Tom Temin: And just from a personal standpoint, I mean, looking at the people asking your opinion, as a person, the people that were targeted, apparently, or let’s say, received this radiation or received this injury, it wasn’t the Secretary of State, it wasn’t the ambassador, it wasn’t the people that could do good by an enemy standpoint by taking out so you almost get the sense that they were just experimenting with something for which they might have bigger plans down the line.

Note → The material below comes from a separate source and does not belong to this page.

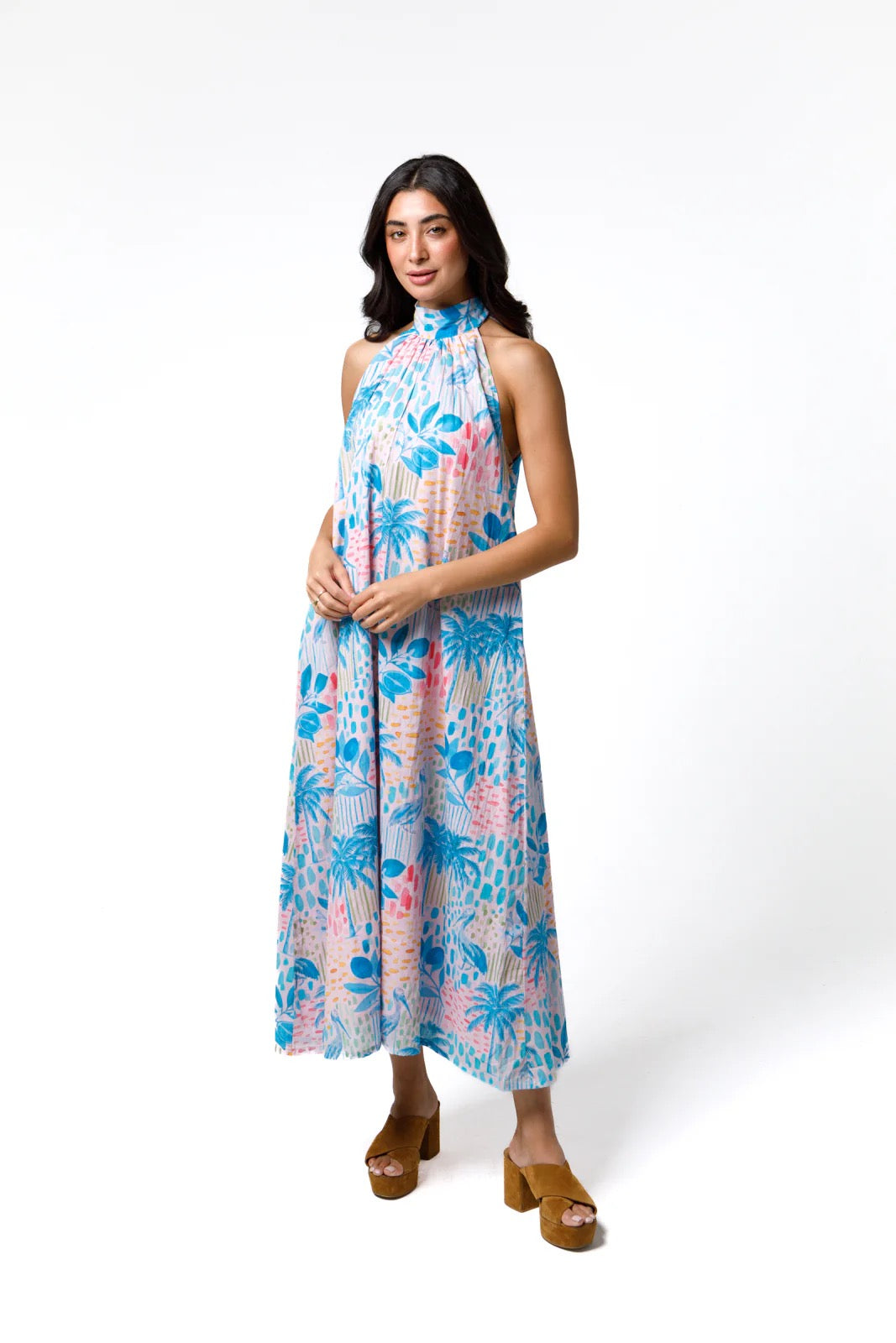 If you are in need of the PERFECT dress for weddings, vacations, hosting...this is it! The Blythe features a mock neck, tie back, dramatic maxi length and halter. This is a very flattering piece that is sure to turn heads!

David Relman: Yeah, I mean, of course, the motivations of those who might have undertaken something like this, we have to reserve to the realm of speculation, and I don’t want to go down that road. But I will say that the people that we met, who were affected, and those that we’ve heard about through our work, are people who are doing really important work for our government overseas. These are not simply bystanders. These are our critical actors on behalf of all of our collective interests as a nation. And I would not presume that they don’t, in fact, serve in critical roles that made them targets, for example. So I think this really has to be looked at carefully. And I will tell you, from a personal point of view, and I think the committee would agree, the people we met, and the people we heard about, are undertaking sort of God’s work. I mean, they are working under extreme duress, in some cases. They are not asking for public acknowledgement, or some kind of grand thanks. They’re simply doing their work, really hard work, because they’re absolutely dedicated to the cause. And I mean, the stories we heard about them attempting to return to work without fanfare, just because they felt committed, but were unable to do so, really made clear that we were not talking about people who are malingering or had some secondary gain from missing work. That was absolutely not the case here, it seems to me. These are people who were truly injured, who wanted to be back working and could not, at least in the fraction who have had persistent problems and disability, and again, that’s about, in our estimationand the estimation of the CDC, about one-third.
Tom Temin: Dr. David Relman is chief of infectious diseases at the Palo Alto Veterans Affairs health system, and chair of the National Academies panel that looked into the head injuries of State and Commerce Department employees. Thanks so much for joining me.
David Relman: It’s pleasure to join you. Thank you for covering this important topic.